Cash flow from operating activities for the first quarter of 2020 was 7,273 kEUR compared to 4,081 kEUR for the same period in 2019. Total capital expenditures for the first quarter of 2020 amounted to 3,053 kEUR.
Net shareholders’ equity at March 31, 2020 was 135,679 kEUR compared to 142,675 kEUR at December 31, 2019.
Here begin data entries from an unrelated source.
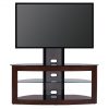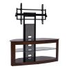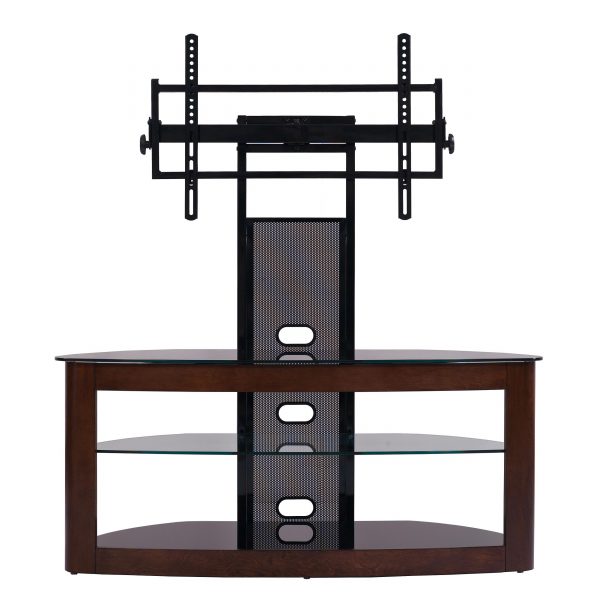 Cured wood TV stand with universal mounting system and 3 audio video component shelves for most of the 35″ – 85″ Plasma, LCD/LED TVs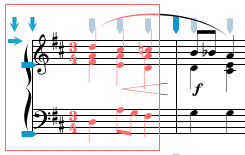 In order to perform any editing operation in NoteAbility, you must first select the images that you want to alter. Use the Select Image or Select Score tool to make your selection. Selected images are redrawn in gray to show you that they are selected.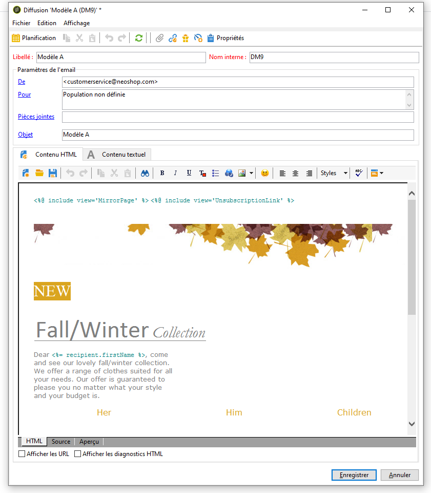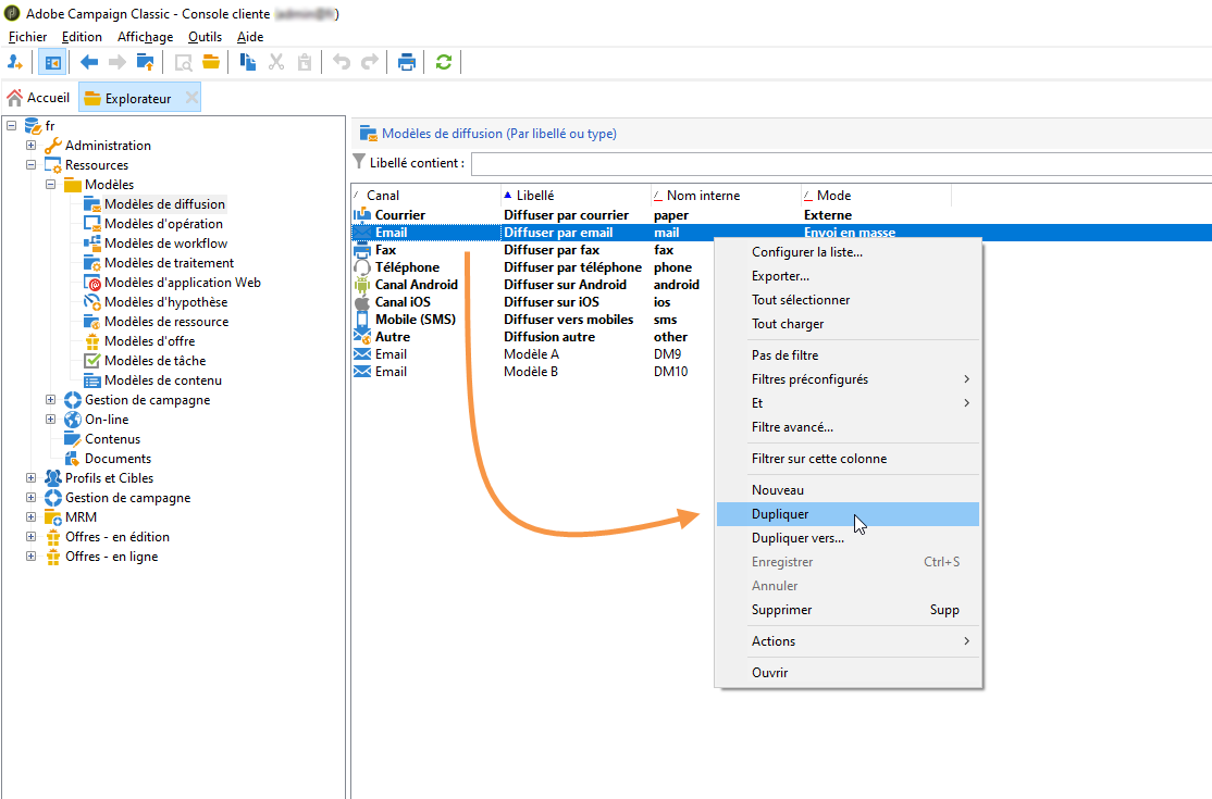 Dupliquez le modèle de diffusion Email.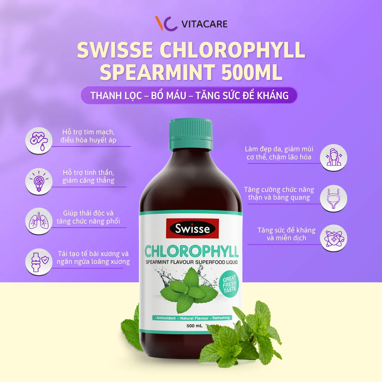 Swisse Chlorophyll Spearmint 500ml – Diệp Lục Vị Bạc Hà là một siêu thực phẩm xanh giàu dinh dưỡng, kết hợp hương vị bạc hà tươi mát tự nhiên, được nghiên cứu và sản xuất bởi Swisse, thương hiệu chăm sóc sức khỏe uy tín hàng đầu tại Úc. Với cấu trúc phân tử đặc biệt, diệp lục trong Swisse Chlorophyll hỗ trợ vận chuyển oxy, thúc đẩy quá trình trao đổi khí trong cơ thể, đồng thời cung cấp các vitamin thiết yếu giúp tăng cường sức khỏe, giúp bạn cảm nhận sự tươi trẻ và khỏe mạnh từ bên trong.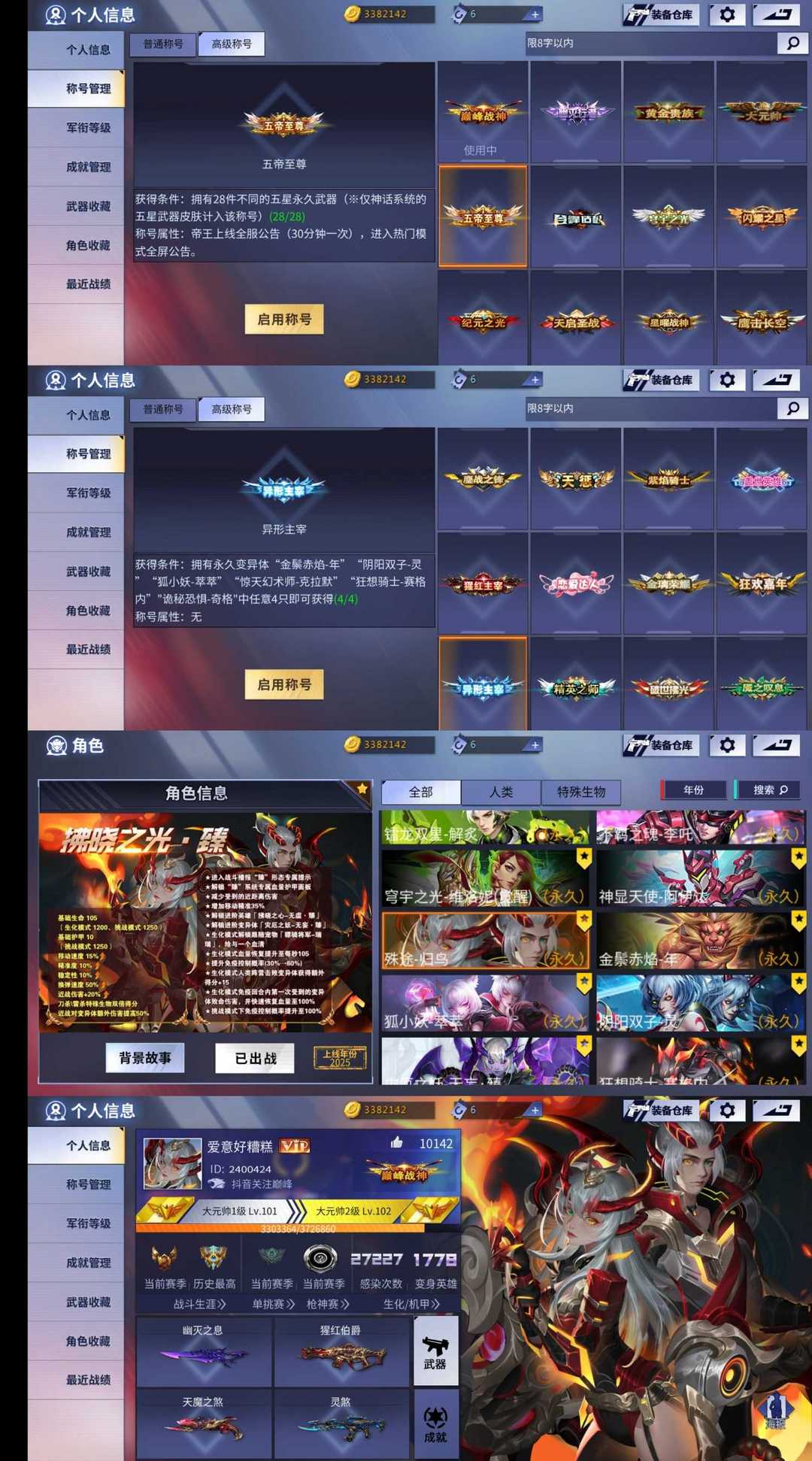 装备描述:❄️二区顶配第三 ✨强力传世主武器 ✨大元帅100级Lv. ✨爆破轮椅枪伯爵 ❤️五星六源!盖世英雄 ❤️到时不下 顶号 恶意撒单永久拉黑 ❤️道具血清弹匣全开游戏愉快!

Mr. Leys concluded, “In this time of unprecedented uncertainty, we are withdrawing the financial guidance we provided on March 4, 2020. As noted earlier, we currently expect the negative impact of the COVID-19 crisis on our business to increase significantly throughout the second quarter of 2020. While we anticipate today that business should gradually pick up in the second half of the year, our visibility on the timing and speed of the recovery of the global economy in general and of our business in particular is currently too limited to provide meaningful financial guidance at this time. As our overall goal is to limit the impact of the COVID-19 crisis and the associated cost-saving measures we take on our long-term plans, in particular on our ongoing research and business development programs, we do expect the short-term impact of the crisis on our Adjusted EBITDA will be even more significant than on our sales.”
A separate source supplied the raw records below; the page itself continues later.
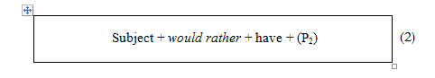 ở thời quá khứ sau would ratherhave + past participle (hay còn gọi là phân từ 2 – P2) – Công thức 2.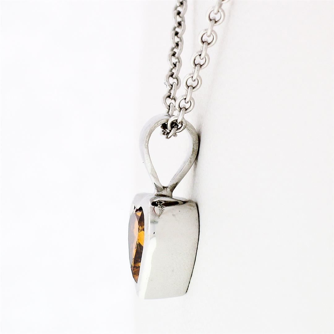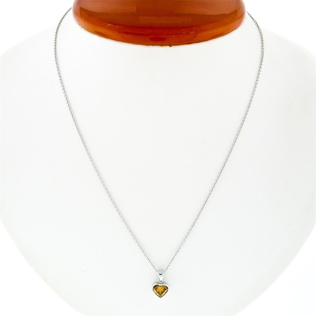 An estate solid 14k white gold heart pendant necklace, with 1 Gia certified heart brilliant cut natural diamond (fancy deep brown-orange color - I1 ; 0.70ct). The pendant weighs a total of 3.0 grams, measures 12.3x7.9mm including the bail, and 18 inch cable link chain. Comes with all original relevant certifications.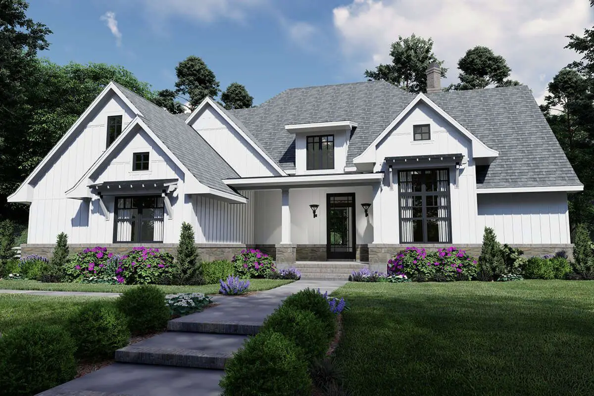 This modern farmhouse plan blends timeless style with functional everyday living. Designed as a single-story home with approximately 2,191 square feet of heated space, it includes four bedrooms and four full bathrooms—each thoughtfully placed to support privacy and ease of use.

Materialise uses EBITDA and Adjusted EBITDA as supplemental financial measures of its financial performance. EBITDA is calculated as net profit plus income taxes, financial expenses (less financial income), shares of loss in a joint venture and depreciation and amortization. Adjusted EBITDA is determined by adding non-cash stock-based compensation expenses and acquisition-related expenses of business combinations to EBITDA. Management believes these non-IFRS measures to be important measures as they exclude the effects of items which primarily reflect the impact of long-term investment and financing decisions, rather than the performance of the company’s day-to-day operations. As compared to net profit, these measures are limited in that they do not reflect the periodic costs of certain capitalized tangible and intangible assets used in generating revenues in the company’s business, or the charges associated with impairments. Management evaluates such items through other financial measures such as capital expenditures and cash flow provided by operating activities. The company believes that these measurements are useful to measure a company’s ability to grow or as a valuation measurement. The company’s calculation of EBITDA and Adjusted EBITDA may not be comparable to similarly titled measures reported by other companies. EBITDA and Adjusted EBITDA should not be considered as alternatives to net profit or any other performance measure derived in accordance with IFRS. The company’s presentation of EBITDA and Adjusted EBITDA should not be construed to imply that its future results will be unaffected by unusual or non-recurring items.